◆ Data:
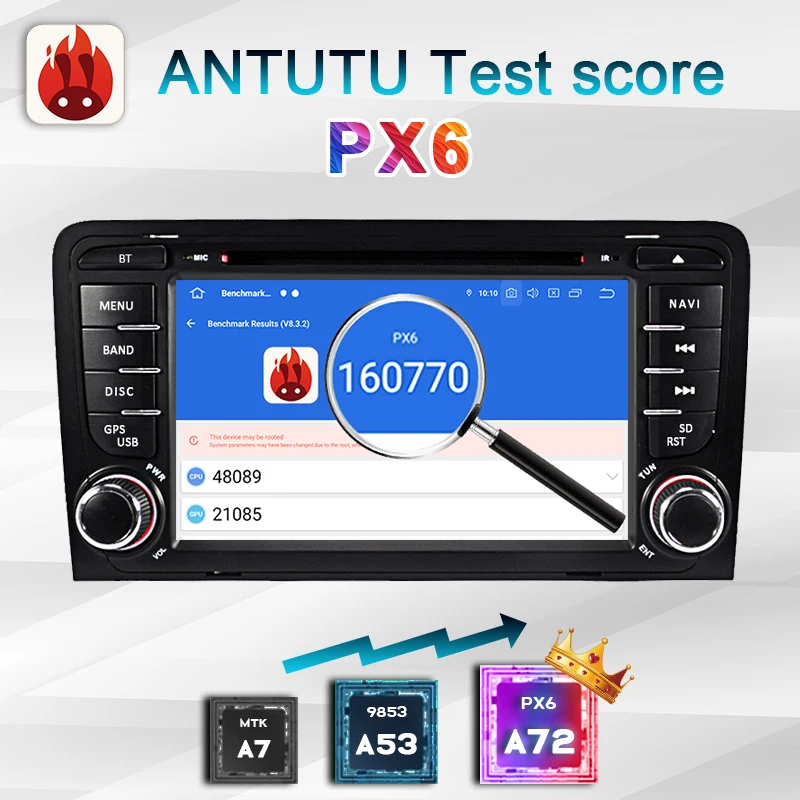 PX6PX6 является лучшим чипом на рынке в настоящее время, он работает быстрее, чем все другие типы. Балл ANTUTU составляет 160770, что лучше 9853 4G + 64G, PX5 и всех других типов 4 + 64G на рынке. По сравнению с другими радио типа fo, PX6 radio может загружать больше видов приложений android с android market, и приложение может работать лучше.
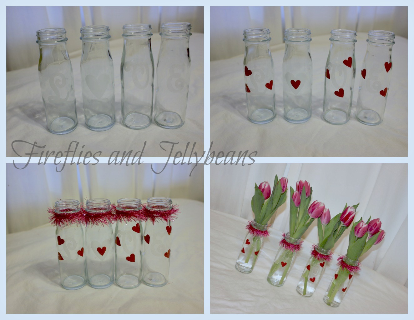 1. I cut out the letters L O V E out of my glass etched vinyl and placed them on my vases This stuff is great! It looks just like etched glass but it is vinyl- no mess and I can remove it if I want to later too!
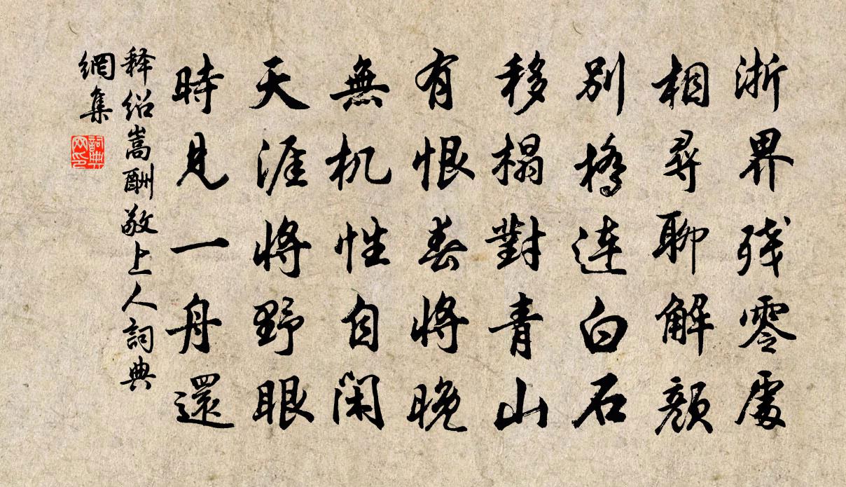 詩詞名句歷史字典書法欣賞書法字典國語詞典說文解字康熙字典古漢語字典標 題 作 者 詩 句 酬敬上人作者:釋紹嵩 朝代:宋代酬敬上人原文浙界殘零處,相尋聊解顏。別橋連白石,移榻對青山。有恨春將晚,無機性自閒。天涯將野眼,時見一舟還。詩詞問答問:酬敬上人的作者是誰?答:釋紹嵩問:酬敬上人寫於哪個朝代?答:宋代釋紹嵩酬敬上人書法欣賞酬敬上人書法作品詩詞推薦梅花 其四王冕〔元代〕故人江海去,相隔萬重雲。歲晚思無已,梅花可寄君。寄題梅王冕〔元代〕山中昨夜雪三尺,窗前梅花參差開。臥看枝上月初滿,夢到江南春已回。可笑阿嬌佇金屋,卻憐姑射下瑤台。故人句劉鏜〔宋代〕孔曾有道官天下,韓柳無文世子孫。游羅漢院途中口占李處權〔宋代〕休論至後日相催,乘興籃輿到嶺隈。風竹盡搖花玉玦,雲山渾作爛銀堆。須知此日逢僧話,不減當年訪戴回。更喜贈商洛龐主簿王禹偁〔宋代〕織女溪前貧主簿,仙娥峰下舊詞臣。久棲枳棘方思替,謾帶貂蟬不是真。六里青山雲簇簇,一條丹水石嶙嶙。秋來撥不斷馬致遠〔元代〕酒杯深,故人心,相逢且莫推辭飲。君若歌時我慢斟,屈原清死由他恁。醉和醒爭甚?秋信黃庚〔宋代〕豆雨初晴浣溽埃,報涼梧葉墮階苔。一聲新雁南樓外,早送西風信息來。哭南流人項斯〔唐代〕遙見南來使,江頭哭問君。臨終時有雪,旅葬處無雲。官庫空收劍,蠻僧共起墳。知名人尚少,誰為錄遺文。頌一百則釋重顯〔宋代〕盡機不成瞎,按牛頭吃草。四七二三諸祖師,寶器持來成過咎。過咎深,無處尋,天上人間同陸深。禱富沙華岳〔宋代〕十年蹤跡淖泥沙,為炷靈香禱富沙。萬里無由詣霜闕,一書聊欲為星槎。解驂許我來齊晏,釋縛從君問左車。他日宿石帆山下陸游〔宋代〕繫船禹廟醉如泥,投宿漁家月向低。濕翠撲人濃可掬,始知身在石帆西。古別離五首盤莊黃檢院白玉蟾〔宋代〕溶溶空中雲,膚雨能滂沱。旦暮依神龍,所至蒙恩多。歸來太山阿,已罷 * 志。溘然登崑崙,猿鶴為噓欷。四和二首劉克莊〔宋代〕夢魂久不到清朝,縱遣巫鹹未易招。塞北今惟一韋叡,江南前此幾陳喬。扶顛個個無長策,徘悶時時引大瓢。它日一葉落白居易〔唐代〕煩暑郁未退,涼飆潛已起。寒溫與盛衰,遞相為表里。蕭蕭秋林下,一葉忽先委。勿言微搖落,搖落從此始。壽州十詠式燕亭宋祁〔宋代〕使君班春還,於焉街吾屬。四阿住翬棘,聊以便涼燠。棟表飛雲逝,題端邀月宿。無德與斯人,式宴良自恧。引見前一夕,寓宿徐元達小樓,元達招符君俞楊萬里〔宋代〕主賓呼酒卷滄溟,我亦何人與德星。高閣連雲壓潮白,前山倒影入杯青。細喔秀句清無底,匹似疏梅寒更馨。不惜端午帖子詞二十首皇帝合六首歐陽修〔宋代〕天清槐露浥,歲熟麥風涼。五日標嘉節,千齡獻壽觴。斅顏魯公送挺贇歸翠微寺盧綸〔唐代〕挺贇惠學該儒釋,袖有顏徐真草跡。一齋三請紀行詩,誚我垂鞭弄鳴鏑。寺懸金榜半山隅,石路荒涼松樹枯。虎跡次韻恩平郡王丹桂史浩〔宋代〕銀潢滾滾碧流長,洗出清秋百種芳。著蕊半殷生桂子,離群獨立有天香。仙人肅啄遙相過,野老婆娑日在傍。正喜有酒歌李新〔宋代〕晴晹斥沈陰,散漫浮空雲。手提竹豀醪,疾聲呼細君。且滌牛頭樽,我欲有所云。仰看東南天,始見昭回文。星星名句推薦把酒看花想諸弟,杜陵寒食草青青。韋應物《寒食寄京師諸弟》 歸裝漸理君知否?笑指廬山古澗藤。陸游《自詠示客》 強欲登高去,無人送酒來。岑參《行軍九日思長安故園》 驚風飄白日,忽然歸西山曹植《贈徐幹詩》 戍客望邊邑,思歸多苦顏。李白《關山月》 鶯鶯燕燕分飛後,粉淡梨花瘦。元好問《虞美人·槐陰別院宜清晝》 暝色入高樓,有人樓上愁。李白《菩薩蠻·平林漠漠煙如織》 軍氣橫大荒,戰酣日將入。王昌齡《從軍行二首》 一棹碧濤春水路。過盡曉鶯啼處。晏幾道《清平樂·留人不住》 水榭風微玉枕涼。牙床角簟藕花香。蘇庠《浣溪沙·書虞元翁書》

--

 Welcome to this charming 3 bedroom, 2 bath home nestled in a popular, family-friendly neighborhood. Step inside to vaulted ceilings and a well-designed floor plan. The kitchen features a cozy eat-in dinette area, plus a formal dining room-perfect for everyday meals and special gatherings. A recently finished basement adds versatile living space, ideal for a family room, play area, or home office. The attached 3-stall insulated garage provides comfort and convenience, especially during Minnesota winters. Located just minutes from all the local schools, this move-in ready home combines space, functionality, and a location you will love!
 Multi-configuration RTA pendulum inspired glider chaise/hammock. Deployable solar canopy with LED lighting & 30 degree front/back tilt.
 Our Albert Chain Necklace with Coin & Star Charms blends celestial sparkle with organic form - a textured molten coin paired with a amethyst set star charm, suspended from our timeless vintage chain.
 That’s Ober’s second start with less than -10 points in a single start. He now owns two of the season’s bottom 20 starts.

--

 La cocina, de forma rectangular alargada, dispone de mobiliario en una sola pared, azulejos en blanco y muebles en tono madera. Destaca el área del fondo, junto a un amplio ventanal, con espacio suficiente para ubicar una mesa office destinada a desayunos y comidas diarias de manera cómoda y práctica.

◆ Task item: Copy every line in the listing above where the string "from" turns up.

◆ Written answer:
 Welcome to this charming 3 bedroom, 2 bath home nestled in a popular, family-friendly neighborhood. Step inside to vaulted ceilings and a well-designed floor plan. The kitchen features a cozy eat-in dinette area, plus a formal dining room-perfect for everyday meals and special gatherings. A recently finished basement adds versatile living space, ideal for a family room, play area, or home office. The attached 3-stall insulated garage provides comfort and convenience, especially during Minnesota winters. Located just minutes from all the local schools, this move-in ready home combines space, functionality, and a location you will love!
 Our Albert Chain Necklace with Coin & Star Charms blends celestial sparkle with organic form - a textured molten coin paired with a amethyst set star charm, suspended from our timeless vintage chain.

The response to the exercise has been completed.